Other commonly seen symptoms include:
- Facial bone deformities
- Growth abnormalities
- Shortness of breath
- Jaundice (yellow skin)
In case you notice any of the symptoms it is advisable to seek the counsel of an experienced doctor/physician. The doctor will usually perform a physical examination for looking for an enlarged spleen. A blood sample may also be taken for pathological testing in the laboratory. This test will check for:
- Abnormally-shaped and smaller-than-normal sized red blood cells
- A complete blood count (CBC) to determine the presence of anemia
- Alpha thalassemia using a test called ‘mutational analysis’
The treatment for thalassemia depends mainly on the type you develop and its severity.
Mild Thalassemia – This type of thalassemia minor usually presents mild symptoms and requires little, if any, treatment at all. At rare times you might also require a blood transfusion mainly after a surgery, childbirth or to help in managing the various thalassemia complications.
Certain people with beta thalassemia may also need this treatment for iron overload. This is because most people with beta thalassemia have increased rate of absorption of iron which leads to excessive amounts of iron being produced in the body.
Moderate-Severe Thalassemia – The treatment for moderate to severe forms of thalassemia may include:
- Frequent blood transfusions – Many severe forms of thalassemia often require frequent blood transfusions, mostly on a weekly basis. With the passage of time the blood transfusions cause an increase in the level of iron in the body which could lead to the heart, liver and other organs getting damaged. Medications are provided to help your body get rid of the excess iron.

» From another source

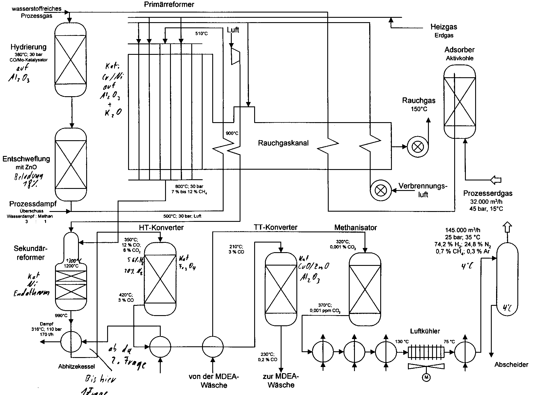 Primärreforming Katgifte sind S <0,5ppm, H2S, As, Pb Dem Gas (Methan – Butan) wird Wasserdampf im Verhältnis 3Dampf : 1Methan beigemischt. Als Reaktionspartner und um Kohlenstoffablagerungen zu verhindern. Anschliesend wird das Gas im Rauchgaskanal auf 510°C erhitzt und von oben in die Senkrechten mit Gas oder Öl beheizten, aus Chrom/Nickel Stahl gefertigten Röhren gefahren. Der Kat. in denRöhren ist Nickel auf Al2O3 als Trägersubstanz und K2O als Aktivator. Reaktionsbed. : 30bar, max. Spalttemp. 820°C, Reaktion = Allotherm. Das Methan wird mit Wasserdampf teilweise über CO zu CO2 + H2 umgesetzt. Restgehalt CH4 = 7% - 12% CH4 + H2O <----> CO + 3 H2 CO + H2O <----> CO2 + H2

- Stem Cell Transplant – This treatment method is also known as ‘bone marrow transplant’ and is useful in treating the most severe forms of thalassemia in chosen cases. Before the stem cell transplant therapy, you will receive very high doses of drugs, or radiation, to destroy the affected bone marrow. Later, you will receive infusions of stem cells from a compatible donor (allogenic transplant). This is a slightly risky procedure and is reserved exclusively for those patients affected with very severe thalassemia and has a compatible donor available, usually an immediate family member.
Thalassemia treatments come in many forms and mainly depend on the type of thalassemia and its severity. Thalassemia is a treatable, and even curable, form of medical disorder if it gets appropriate medical care at the right time.